◆ Task details
Reproduce exactly only the lines from the line that holds "柔らかい雰囲気が印象的な淡水パールは、あえて自然な形のまま使用。" to the line that holds "赵科学和指导组先后来到大庆精", inclusive, in the listing below, and please leave out every picture.

*** Opening Extracted entries ***

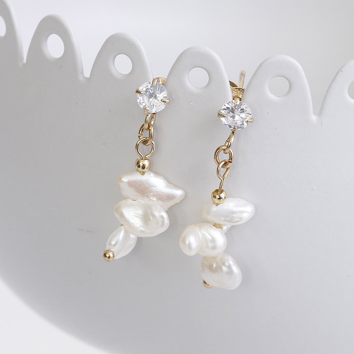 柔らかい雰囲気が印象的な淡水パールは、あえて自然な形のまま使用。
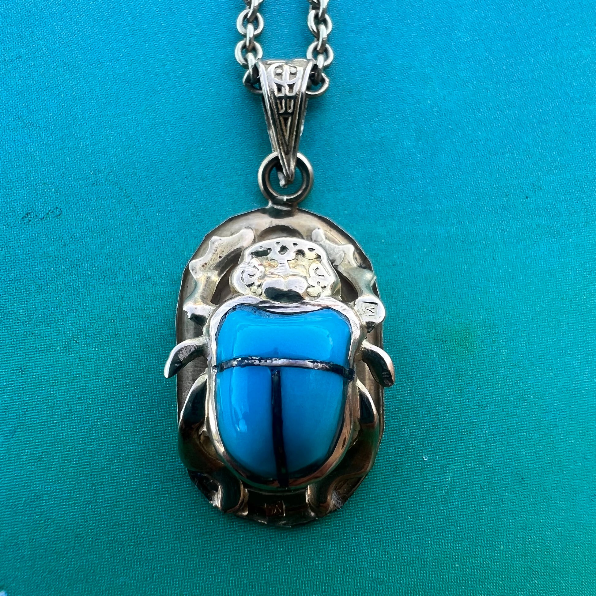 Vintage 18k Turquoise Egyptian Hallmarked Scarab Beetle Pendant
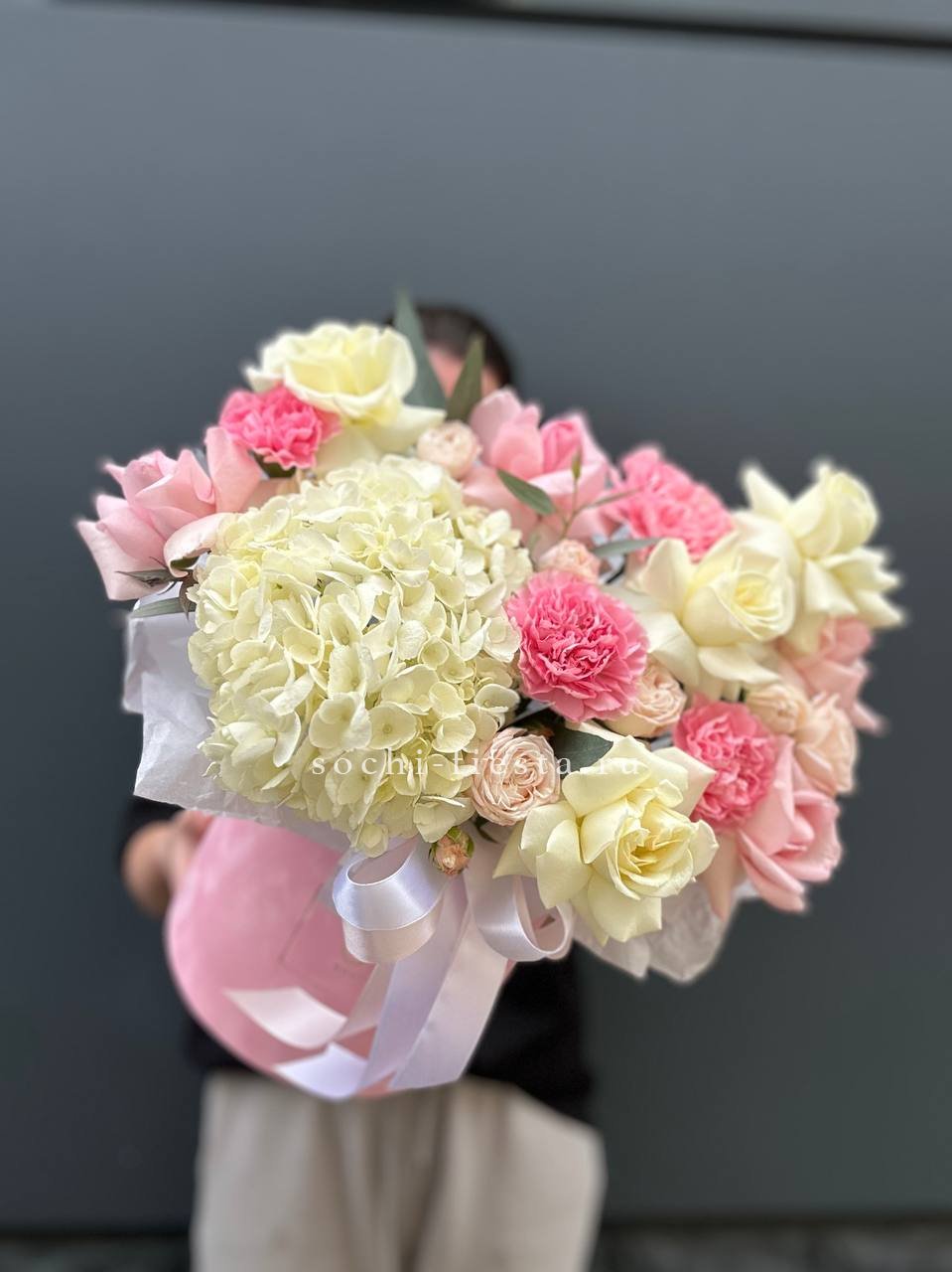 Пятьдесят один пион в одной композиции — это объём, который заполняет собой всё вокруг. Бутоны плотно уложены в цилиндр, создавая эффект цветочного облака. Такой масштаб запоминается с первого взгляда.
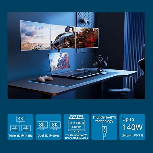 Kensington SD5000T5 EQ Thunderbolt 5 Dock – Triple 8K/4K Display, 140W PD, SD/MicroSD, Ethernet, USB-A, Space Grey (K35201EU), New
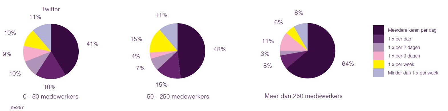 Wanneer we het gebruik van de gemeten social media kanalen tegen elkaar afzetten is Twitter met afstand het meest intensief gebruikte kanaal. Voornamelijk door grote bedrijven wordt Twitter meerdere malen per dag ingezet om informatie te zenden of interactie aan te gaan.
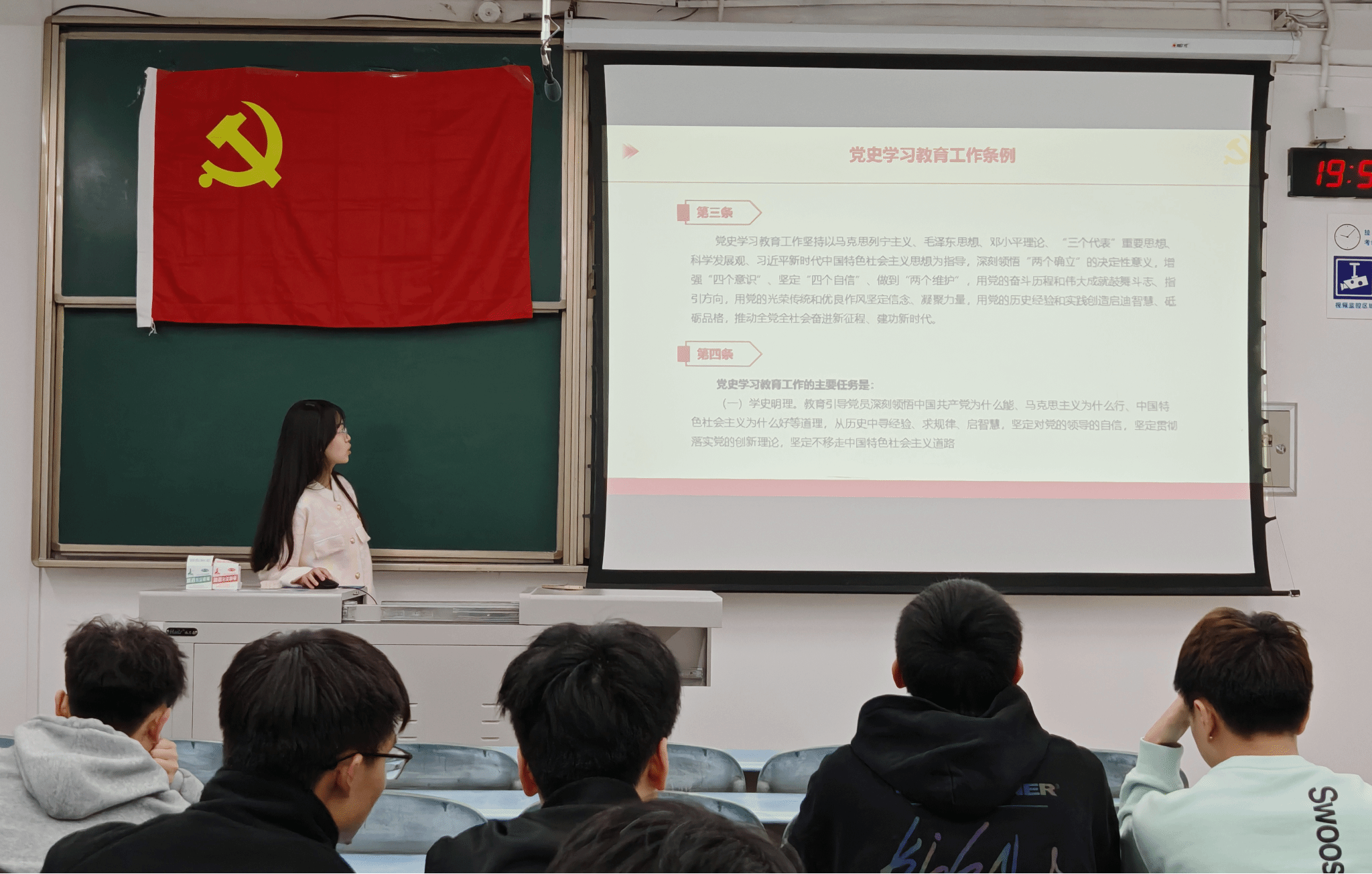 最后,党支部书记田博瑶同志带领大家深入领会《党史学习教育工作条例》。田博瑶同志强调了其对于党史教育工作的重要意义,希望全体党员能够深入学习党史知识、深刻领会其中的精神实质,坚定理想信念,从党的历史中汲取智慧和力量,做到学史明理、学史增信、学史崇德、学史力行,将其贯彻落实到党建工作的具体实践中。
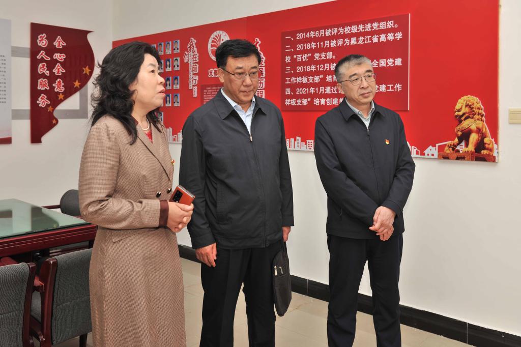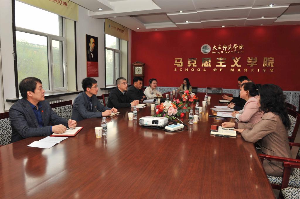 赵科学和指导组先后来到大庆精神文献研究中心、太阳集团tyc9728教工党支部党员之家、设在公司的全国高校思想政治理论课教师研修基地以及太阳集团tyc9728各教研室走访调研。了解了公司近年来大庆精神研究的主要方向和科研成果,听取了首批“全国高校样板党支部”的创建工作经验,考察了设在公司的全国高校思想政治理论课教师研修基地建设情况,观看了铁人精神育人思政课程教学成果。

*** Closing Extracted entries ***
*** Opening Extracted entries ***

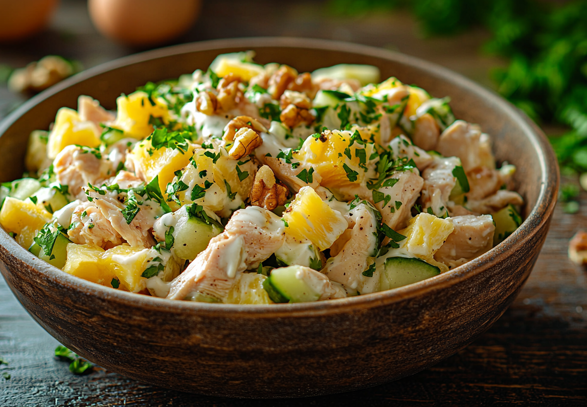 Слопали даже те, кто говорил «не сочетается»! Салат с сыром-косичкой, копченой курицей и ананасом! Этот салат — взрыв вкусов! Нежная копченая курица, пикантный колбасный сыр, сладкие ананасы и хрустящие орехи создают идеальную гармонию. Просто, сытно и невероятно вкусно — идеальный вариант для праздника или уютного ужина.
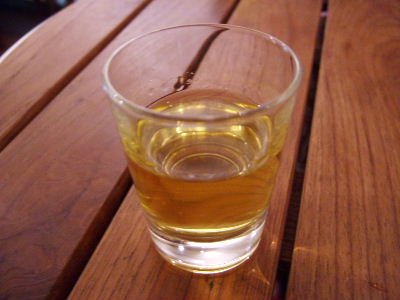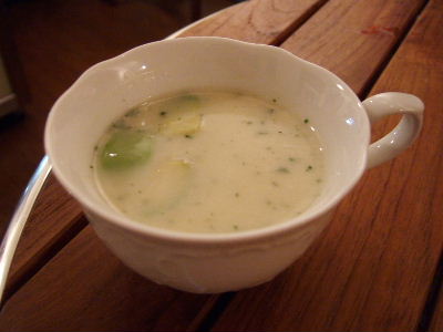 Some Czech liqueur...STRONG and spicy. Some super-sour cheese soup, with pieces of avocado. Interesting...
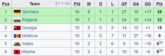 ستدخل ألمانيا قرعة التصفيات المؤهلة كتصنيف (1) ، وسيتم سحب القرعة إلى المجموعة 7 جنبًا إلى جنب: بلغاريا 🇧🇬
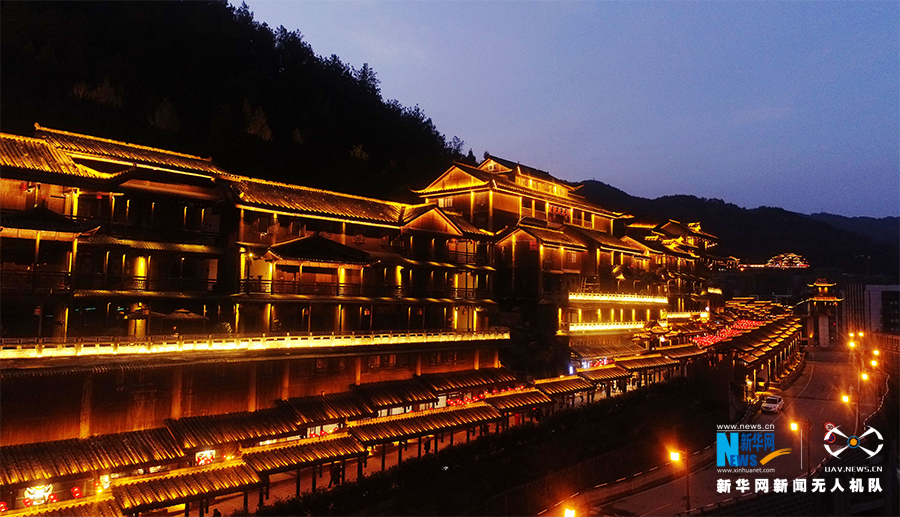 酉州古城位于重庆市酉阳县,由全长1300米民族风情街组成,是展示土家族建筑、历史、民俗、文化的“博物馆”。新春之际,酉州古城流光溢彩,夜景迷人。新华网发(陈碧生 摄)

*** Closing Extracted entries ***

◆ Exercise response
 柔らかい雰囲気が印象的な淡水パールは、あえて自然な形のまま使用。
 Vintage 18k Turquoise Egyptian Hallmarked Scarab Beetle Pendant
 Пятьдесят один пион в одной композиции — это объём, который заполняет собой всё вокруг. Бутоны плотно уложены в цилиндр, создавая эффект цветочного облака. Такой масштаб запоминается с первого взгляда.
 Kensington SD5000T5 EQ Thunderbolt 5 Dock – Triple 8K/4K Display, 140W PD, SD/MicroSD, Ethernet, USB-A, Space Grey (K35201EU), New
 Wanneer we het gebruik van de gemeten social media kanalen tegen elkaar afzetten is Twitter met afstand het meest intensief gebruikte kanaal. Voornamelijk door grote bedrijven wordt Twitter meerdere malen per dag ingezet om informatie te zenden of interactie aan te gaan.
 最后,党支部书记田博瑶同志带领大家深入领会《党史学习教育工作条例》。田博瑶同志强调了其对于党史教育工作的重要意义,希望全体党员能够深入学习党史知识、深刻领会其中的精神实质,坚定理想信念,从党的历史中汲取智慧和力量,做到学史明理、学史增信、学史崇德、学史力行,将其贯彻落实到党建工作的具体实践中。
 赵科学和指导组先后来到大庆精神文献研究中心、太阳集团tyc9728教工党支部党员之家、设在公司的全国高校思想政治理论课教师研修基地以及太阳集团tyc9728各教研室走访调研。了解了公司近年来大庆精神研究的主要方向和科研成果,听取了首批“全国高校样板党支部”的创建工作经验,考察了设在公司的全国高校思想政治理论课教师研修基地建设情况,观看了铁人精神育人思政课程教学成果。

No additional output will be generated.